-- Вот и брешешь! -- смеюсь я. -- Не угадал! Стешка -- невеста Игнатова, а моя -- Маврунька!
-- То бишь, Маврушка, -- поправляется отец.
Я хлопаю в ладоши и кричу:
-- Слава богу, спутался! Слава богу, спутался!
Подошла мать.
-- Не надо так на тятю -- "брешешь": грех.
Отец перебивает:
-- Не мешай, старуха.
И я говорю:
-- Грех -- с орех...
-- А спасенье -- с ложку! -- подхватывает отец и, грозя пальцем, продолжает: -- Ты меня не проведешь, малец, я все-о понимаю!.. -- Собрав лицо в ряд лучистых морщин, он наклоняется ко мне и дразнит: -- Кунба твоя невеста, а не Мавра. Вот что, друг любезный!..
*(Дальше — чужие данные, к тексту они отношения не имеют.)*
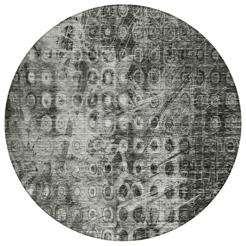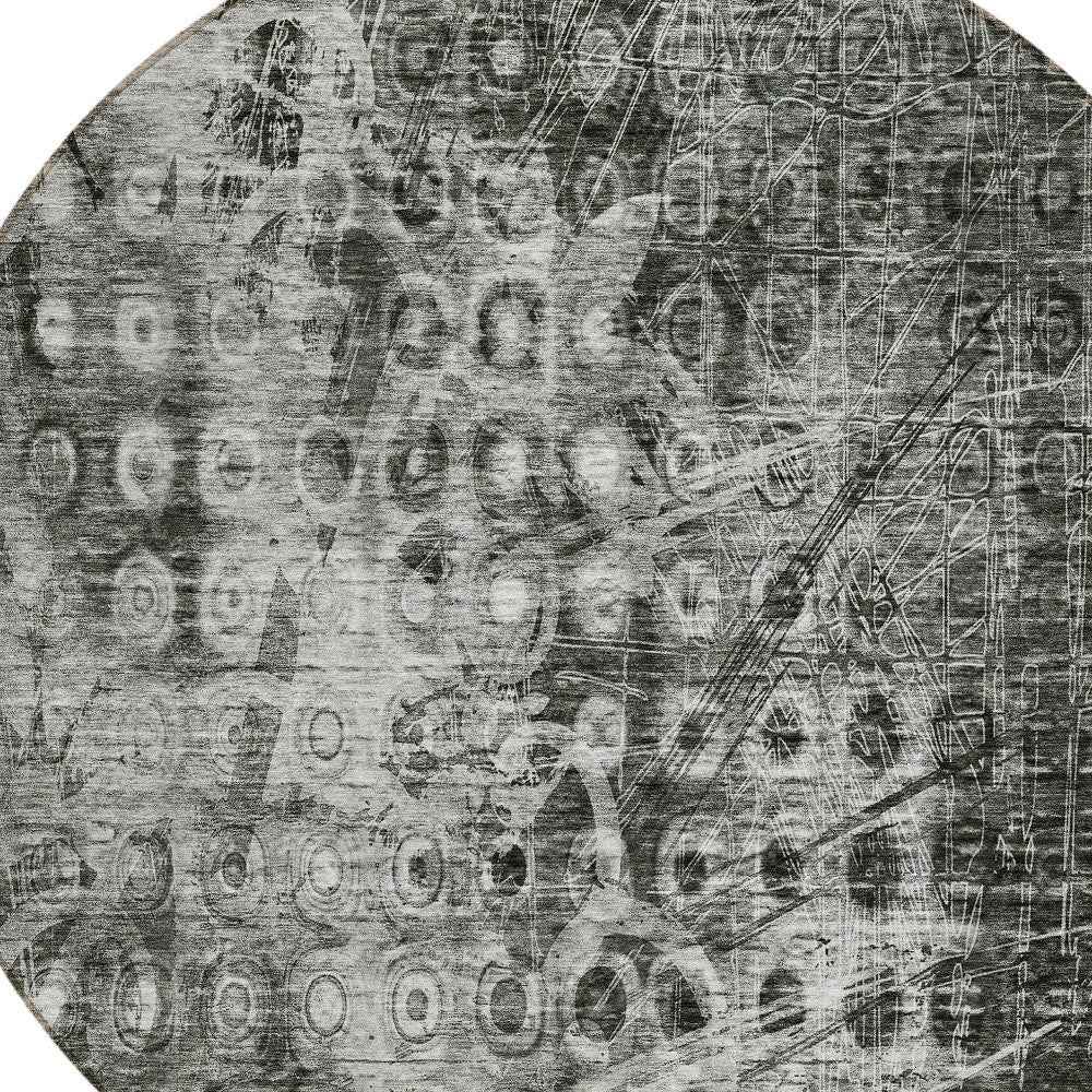 8' Charcoal Round Ikat Washable Indoor Outdoor Area Rug

-- Глаза мои лопни -- Мавра, -- встал я, чтоб перекреститься, но закружилась голова, и я ткнулся лицом в подушку и застонал.
Перепугавшаяся мать прогнала отца с лежанки, и я заснул.
На Ивана Крестителя отец важно промолвил:
-- Иван Петров, поздравляем вас с именинами.
-- Зачем? -- спросил я.
-- Потому как вам пошел восьмой год, значит, получай вот, чтобы целый год веселым быть, -- и подал мне губную гармошку.
-- Где ты ее взял? -- выхватил я у него игрушку.
-- Э-э, -- подмигнул отец, -- еще молод знать, -- и засмеялся.
Вечером мы остались вдвоем с Мотею.
-- Что, ребятишки на Фединой горе катаются? -- спросил я у сестры.
-- Воспа, -- ответила она.
-- Чего ты говоришь?
-- Хворают воспой.
-- Как я? -- спросил я, приподнимаясь.
-- Нет, как я, -- ответила сестра, -- все в шелухе...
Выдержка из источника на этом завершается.